Information provided Block Start

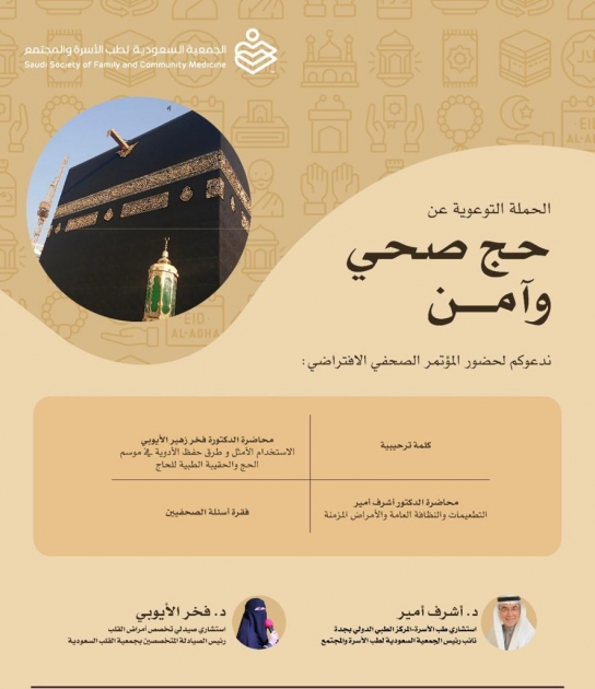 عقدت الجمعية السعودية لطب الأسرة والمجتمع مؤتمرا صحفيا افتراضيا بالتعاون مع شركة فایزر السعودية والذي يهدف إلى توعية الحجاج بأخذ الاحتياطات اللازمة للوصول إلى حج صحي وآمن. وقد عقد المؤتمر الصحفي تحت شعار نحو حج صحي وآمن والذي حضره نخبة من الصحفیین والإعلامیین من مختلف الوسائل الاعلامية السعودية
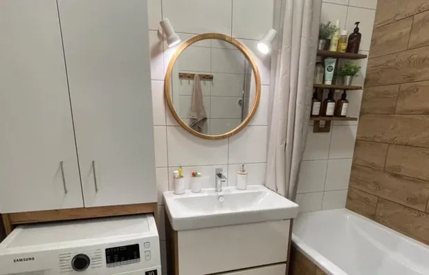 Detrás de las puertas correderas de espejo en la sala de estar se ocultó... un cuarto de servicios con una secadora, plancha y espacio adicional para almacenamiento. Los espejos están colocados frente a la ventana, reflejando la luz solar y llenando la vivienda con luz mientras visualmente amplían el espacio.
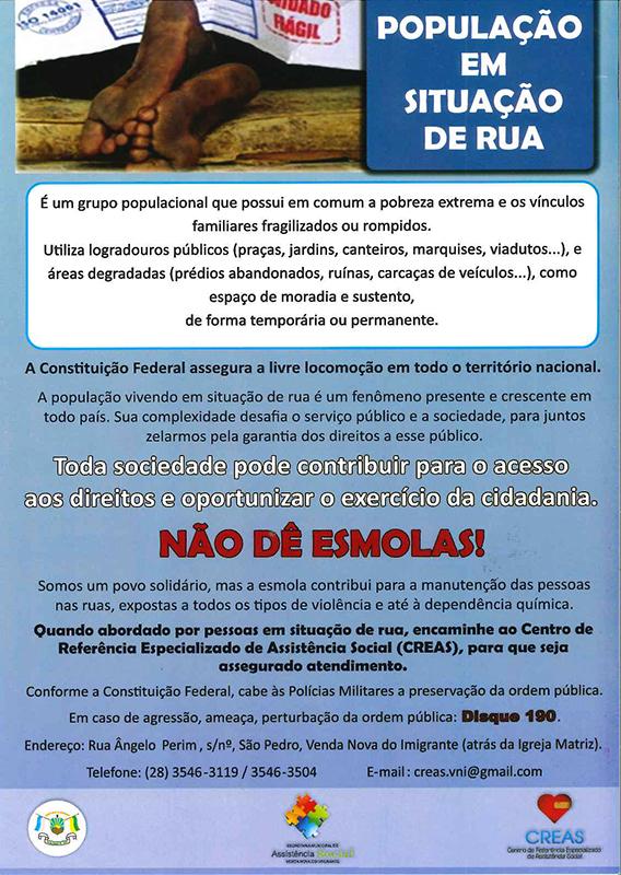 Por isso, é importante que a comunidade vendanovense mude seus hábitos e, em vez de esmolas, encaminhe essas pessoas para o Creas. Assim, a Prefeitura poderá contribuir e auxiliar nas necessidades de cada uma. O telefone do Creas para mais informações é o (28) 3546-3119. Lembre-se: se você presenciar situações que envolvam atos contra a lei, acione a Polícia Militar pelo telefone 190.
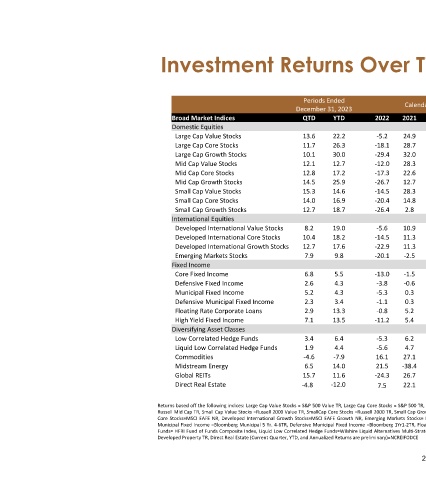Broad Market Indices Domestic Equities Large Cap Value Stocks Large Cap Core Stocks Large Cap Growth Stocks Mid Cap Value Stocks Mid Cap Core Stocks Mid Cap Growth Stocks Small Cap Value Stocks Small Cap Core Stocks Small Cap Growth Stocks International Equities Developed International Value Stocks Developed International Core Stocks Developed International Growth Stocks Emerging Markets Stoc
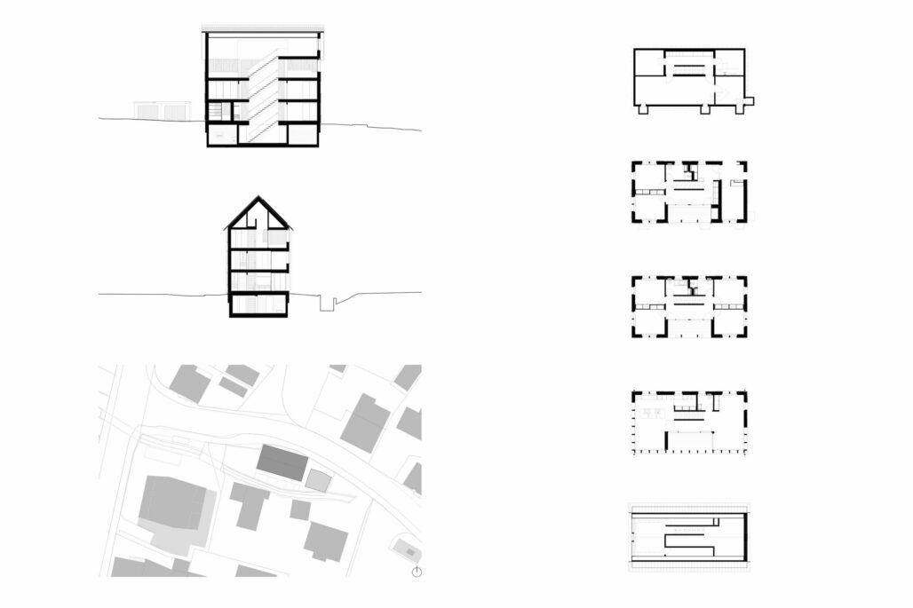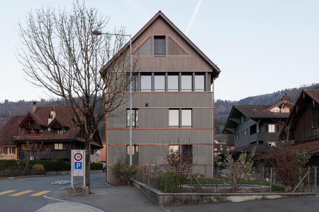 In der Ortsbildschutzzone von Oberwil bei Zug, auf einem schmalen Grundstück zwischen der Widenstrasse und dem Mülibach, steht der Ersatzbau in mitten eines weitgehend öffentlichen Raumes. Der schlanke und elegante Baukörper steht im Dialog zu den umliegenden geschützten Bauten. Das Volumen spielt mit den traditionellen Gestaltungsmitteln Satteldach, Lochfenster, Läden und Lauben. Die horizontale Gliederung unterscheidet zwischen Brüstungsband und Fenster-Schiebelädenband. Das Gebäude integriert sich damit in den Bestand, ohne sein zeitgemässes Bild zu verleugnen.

Information provided Block End

All of the data must be given again exactly, without the pictures.

 عقدت الجمعية السعودية لطب الأسرة والمجتمع مؤتمرا صحفيا افتراضيا بالتعاون مع شركة فایزر السعودية والذي يهدف إلى توعية الحجاج بأخذ الاحتياطات اللازمة للوصول إلى حج صحي وآمن. وقد عقد المؤتمر الصحفي تحت شعار نحو حج صحي وآمن والذي حضره نخبة من الصحفیین والإعلامیین من مختلف الوسائل الاعلامية السعودية
 Detrás de las puertas correderas de espejo en la sala de estar se ocultó... un cuarto de servicios con una secadora, plancha y espacio adicional para almacenamiento. Los espejos están colocados frente a la ventana, reflejando la luz solar y llenando la vivienda con luz mientras visualmente amplían el espacio.
 Por isso, é importante que a comunidade vendanovense mude seus hábitos e, em vez de esmolas, encaminhe essas pessoas para o Creas. Assim, a Prefeitura poderá contribuir e auxiliar nas necessidades de cada uma. O telefone do Creas para mais informações é o (28) 3546-3119. Lembre-se: se você presenciar situações que envolvam atos contra a lei, acione a Polícia Militar pelo telefone 190.
Broad Market Indices Domestic Equities Large Cap Value Stocks Large Cap Core Stocks Large Cap Growth Stocks Mid Cap Value Stocks Mid Cap Core Stocks Mid Cap Growth Stocks Small Cap Value Stocks Small Cap Core Stocks Small Cap Growth Stocks International Equities Developed International Value Stocks Developed International Core Stocks Developed International Growth Stocks Emerging Markets Stoc
 In der Ortsbildschutzzone von Oberwil bei Zug, auf einem schmalen Grundstück zwischen der Widenstrasse und dem Mülibach, steht der Ersatzbau in mitten eines weitgehend öffentlichen Raumes. Der schlanke und elegante Baukörper steht im Dialog zu den umliegenden geschützten Bauten. Das Volumen spielt mit den traditionellen Gestaltungsmitteln Satteldach, Lochfenster, Läden und Lauben. Die horizontale Gliederung unterscheidet zwischen Brüstungsband und Fenster-Schiebelädenband. Das Gebäude integriert sich damit in den Bestand, ohne sein zeitgemässes Bild zu verleugnen.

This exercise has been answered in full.